## TASK TO CARRY OUT
Among the lines below, output only those between the line holding "室内の温度や湿度を適切に維持" and the line holding "وذكر بعضُ العلماءِ", inclusive, exactly as written and with no pictures.
RECORDS FOR THIS EXERCISE: Begin
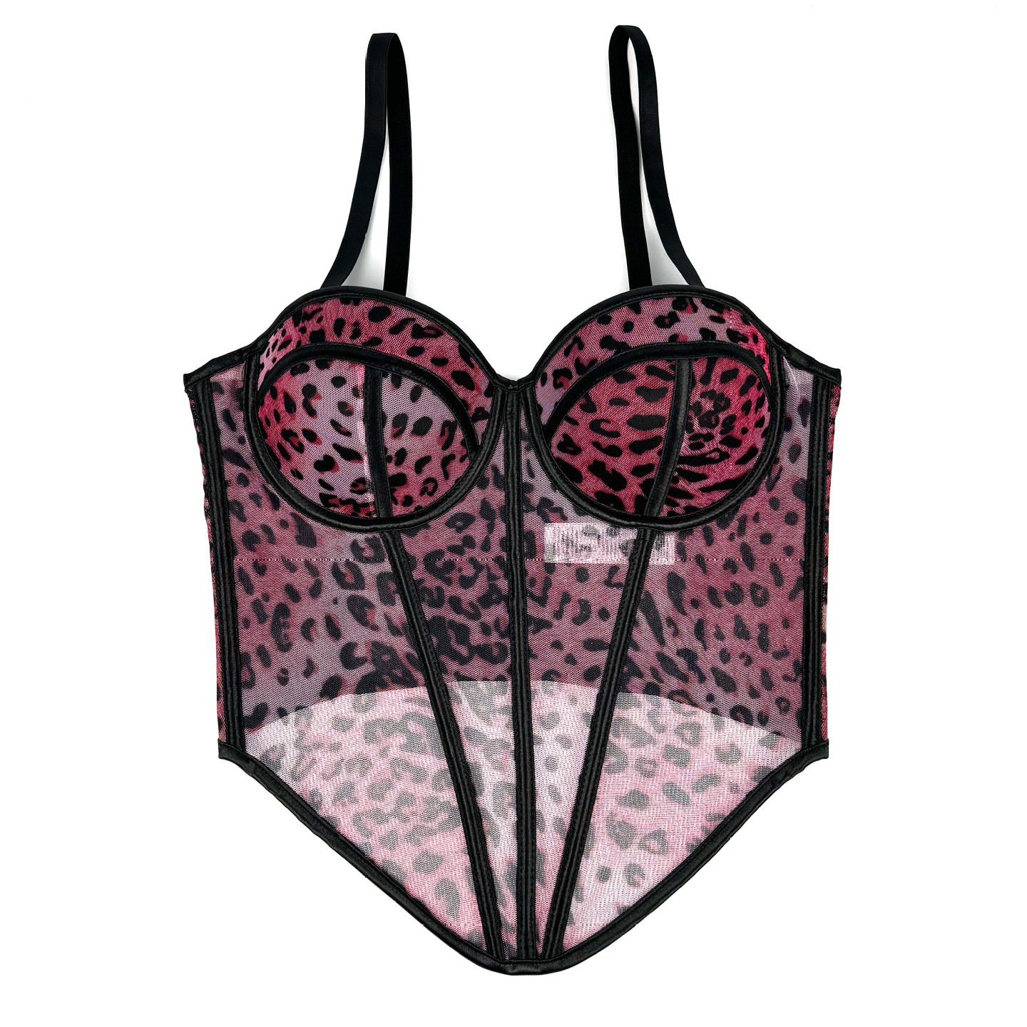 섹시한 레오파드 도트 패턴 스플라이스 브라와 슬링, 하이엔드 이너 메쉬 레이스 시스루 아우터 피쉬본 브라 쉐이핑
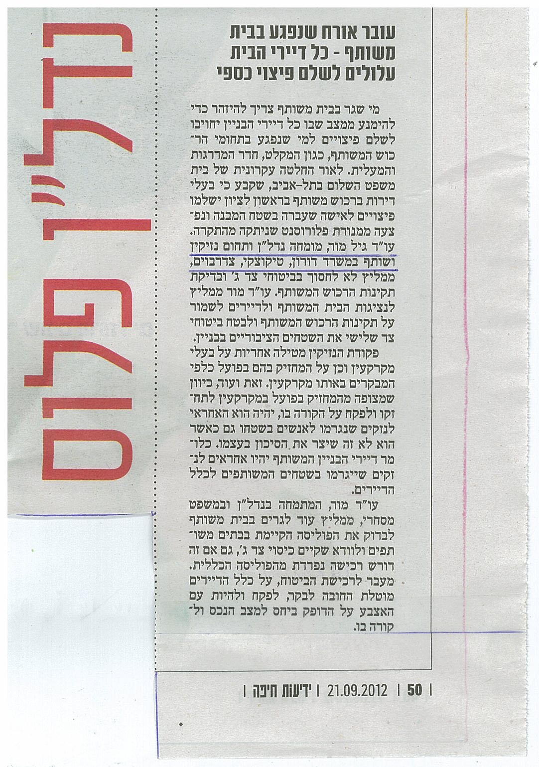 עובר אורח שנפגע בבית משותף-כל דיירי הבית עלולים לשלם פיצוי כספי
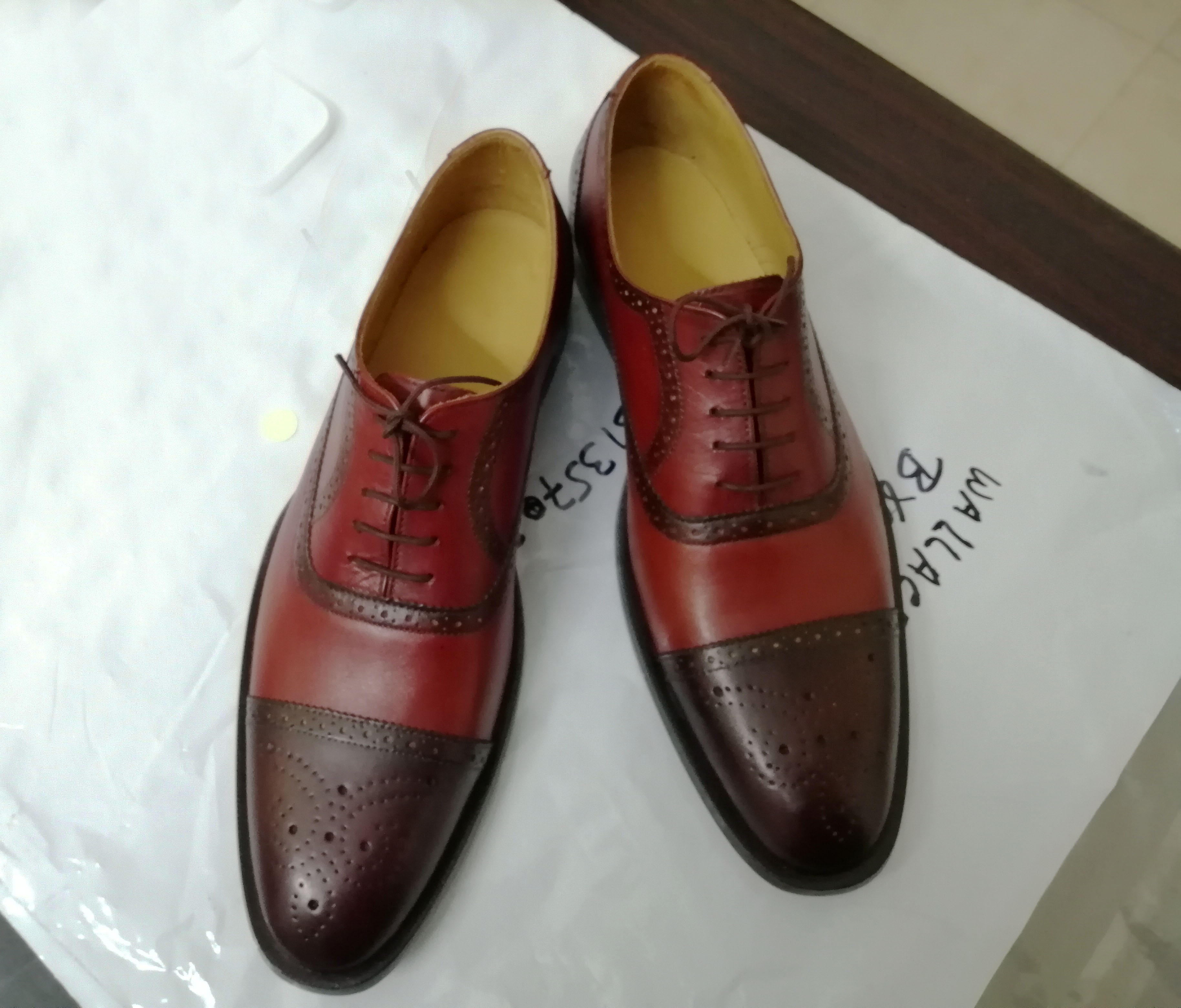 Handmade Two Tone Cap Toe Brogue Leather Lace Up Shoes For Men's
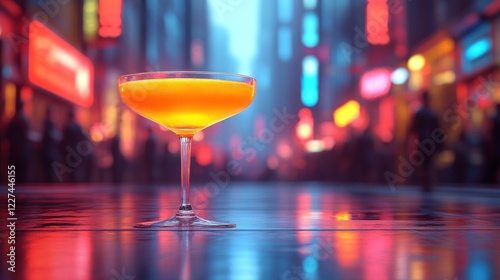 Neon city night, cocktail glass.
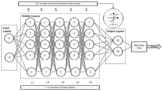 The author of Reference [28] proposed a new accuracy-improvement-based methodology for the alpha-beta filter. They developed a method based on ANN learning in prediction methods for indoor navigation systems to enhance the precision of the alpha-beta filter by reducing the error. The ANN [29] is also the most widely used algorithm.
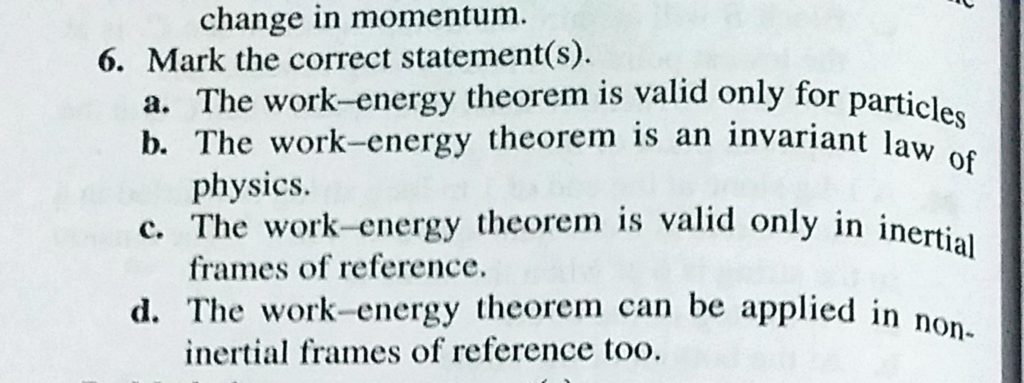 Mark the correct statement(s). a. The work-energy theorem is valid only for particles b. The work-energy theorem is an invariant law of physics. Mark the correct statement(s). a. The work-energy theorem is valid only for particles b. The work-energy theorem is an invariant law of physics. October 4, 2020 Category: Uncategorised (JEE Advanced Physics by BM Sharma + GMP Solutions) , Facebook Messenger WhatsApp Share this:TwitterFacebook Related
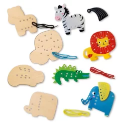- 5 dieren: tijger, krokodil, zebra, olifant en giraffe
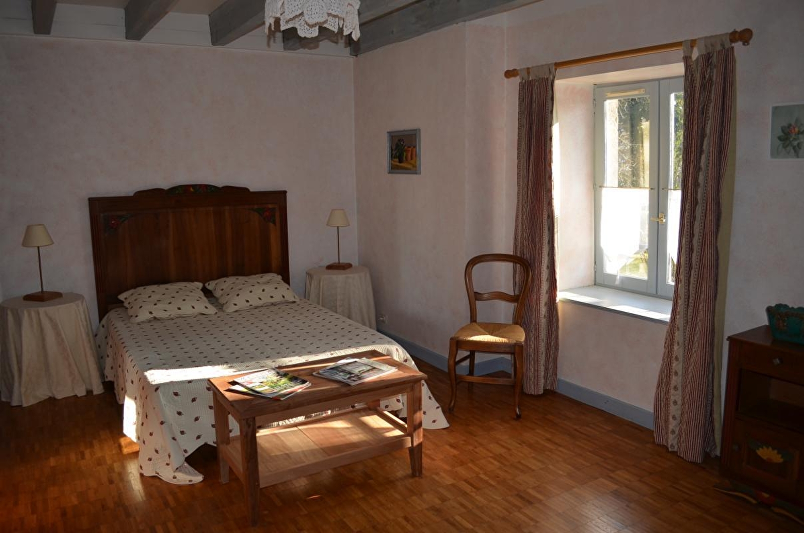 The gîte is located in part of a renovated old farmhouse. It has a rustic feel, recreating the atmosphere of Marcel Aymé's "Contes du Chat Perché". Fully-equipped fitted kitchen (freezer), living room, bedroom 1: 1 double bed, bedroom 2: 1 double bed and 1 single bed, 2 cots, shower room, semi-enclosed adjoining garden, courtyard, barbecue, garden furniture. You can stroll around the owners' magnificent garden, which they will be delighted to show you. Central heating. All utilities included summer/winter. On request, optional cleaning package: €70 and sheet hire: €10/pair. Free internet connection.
RECORDS FOR THIS EXERCISE: End
RECORDS FOR THIS EXERCISE: Begin
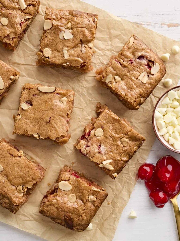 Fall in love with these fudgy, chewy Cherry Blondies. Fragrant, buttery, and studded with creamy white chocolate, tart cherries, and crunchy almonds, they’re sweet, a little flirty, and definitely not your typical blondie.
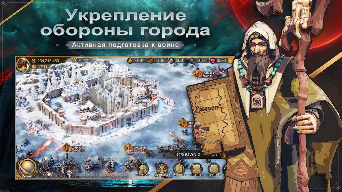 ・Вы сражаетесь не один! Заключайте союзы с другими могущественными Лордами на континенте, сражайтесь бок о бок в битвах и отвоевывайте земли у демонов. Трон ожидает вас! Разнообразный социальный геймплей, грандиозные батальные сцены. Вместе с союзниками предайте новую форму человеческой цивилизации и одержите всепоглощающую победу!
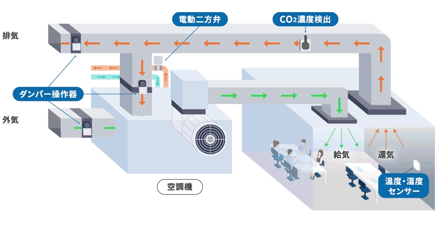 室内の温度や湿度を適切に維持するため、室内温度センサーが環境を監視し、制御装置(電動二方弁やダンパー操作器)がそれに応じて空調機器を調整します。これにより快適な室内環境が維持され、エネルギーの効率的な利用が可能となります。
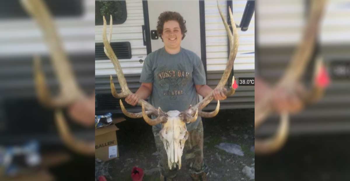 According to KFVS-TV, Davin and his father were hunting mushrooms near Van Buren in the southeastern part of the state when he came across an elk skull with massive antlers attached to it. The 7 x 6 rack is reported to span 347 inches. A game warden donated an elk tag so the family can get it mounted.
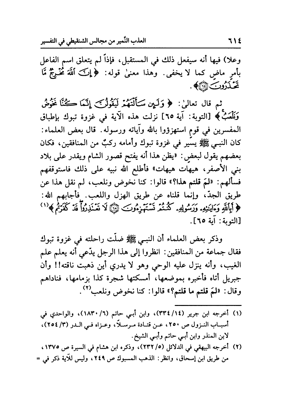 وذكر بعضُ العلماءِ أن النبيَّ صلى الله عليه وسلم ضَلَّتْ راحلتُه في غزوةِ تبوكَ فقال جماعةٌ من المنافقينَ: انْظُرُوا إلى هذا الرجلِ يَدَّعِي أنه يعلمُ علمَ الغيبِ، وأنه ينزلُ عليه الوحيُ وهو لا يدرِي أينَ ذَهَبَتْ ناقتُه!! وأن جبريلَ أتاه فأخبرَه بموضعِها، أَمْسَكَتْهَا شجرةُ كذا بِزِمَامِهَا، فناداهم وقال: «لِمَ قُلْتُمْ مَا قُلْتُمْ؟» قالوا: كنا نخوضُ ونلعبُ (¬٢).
RECORDS FOR THIS EXERCISE: End
RECORDS FOR THIS EXERCISE: Begin
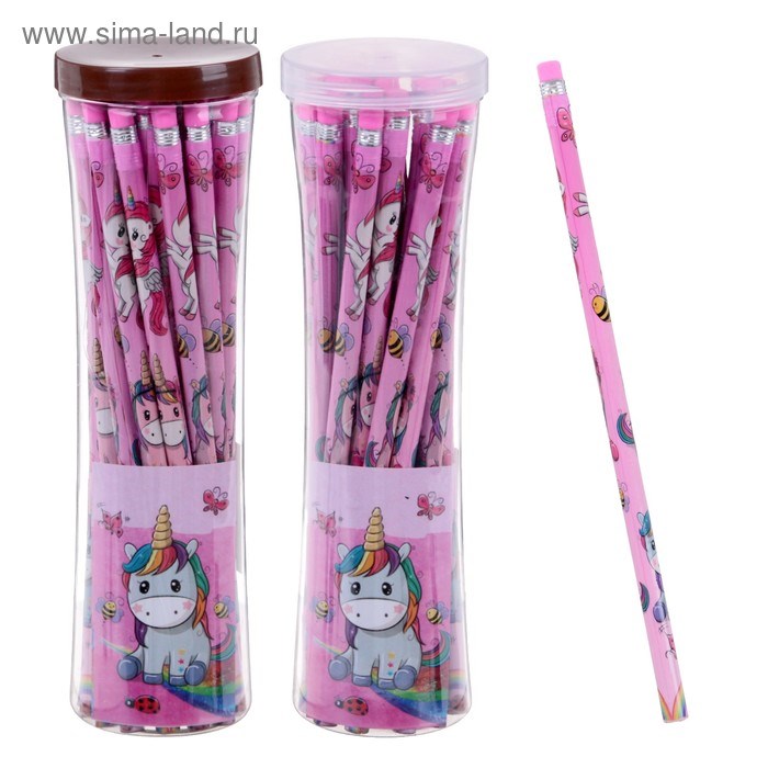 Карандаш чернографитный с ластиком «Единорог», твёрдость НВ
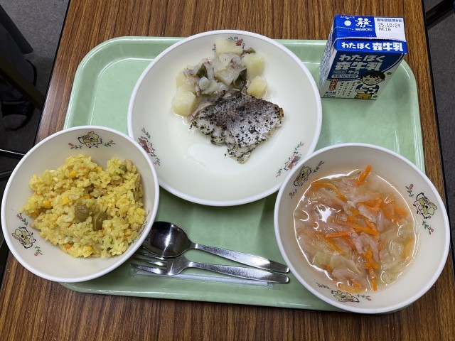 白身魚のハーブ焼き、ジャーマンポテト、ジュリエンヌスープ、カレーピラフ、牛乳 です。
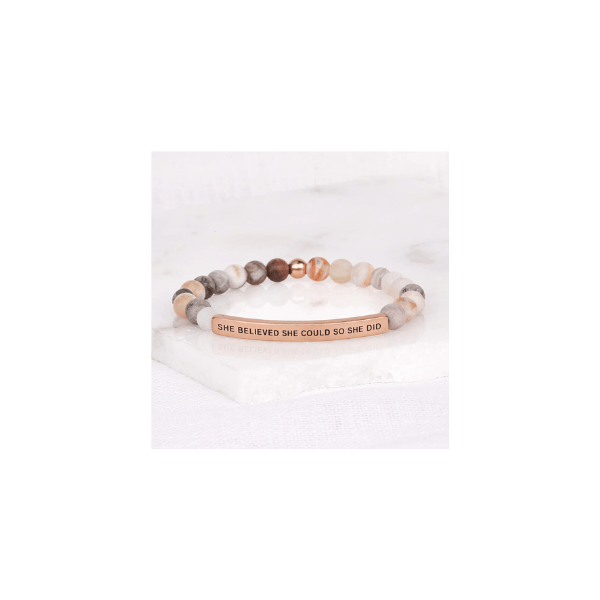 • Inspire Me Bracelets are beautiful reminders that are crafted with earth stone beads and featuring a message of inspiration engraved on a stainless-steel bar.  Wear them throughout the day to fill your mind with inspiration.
RECORDS FOR THIS EXERCISE: End
## RESPONSE
 室内の温度や湿度を適切に維持するため、室内温度センサーが環境を監視し、制御装置(電動二方弁やダンパー操作器)がそれに応じて空調機器を調整します。これにより快適な室内環境が維持され、エネルギーの効率的な利用が可能となります。
 According to KFVS-TV, Davin and his father were hunting mushrooms near Van Buren in the southeastern part of the state when he came across an elk skull with massive antlers attached to it. The 7 x 6 rack is reported to span 347 inches. A game warden donated an elk tag so the family can get it mounted.
 وذكر بعضُ العلماءِ أن النبيَّ صلى الله عليه وسلم ضَلَّتْ راحلتُه في غزوةِ تبوكَ فقال جماعةٌ من المنافقينَ: انْظُرُوا إلى هذا الرجلِ يَدَّعِي أنه يعلمُ علمَ الغيبِ، وأنه ينزلُ عليه الوحيُ وهو لا يدرِي أينَ ذَهَبَتْ ناقتُه!! وأن جبريلَ أتاه فأخبرَه بموضعِها، أَمْسَكَتْهَا شجرةُ كذا بِزِمَامِهَا، فناداهم وقال: «لِمَ قُلْتُمْ مَا قُلْتُمْ؟» قالوا: كنا نخوضُ ونلعبُ (¬٢).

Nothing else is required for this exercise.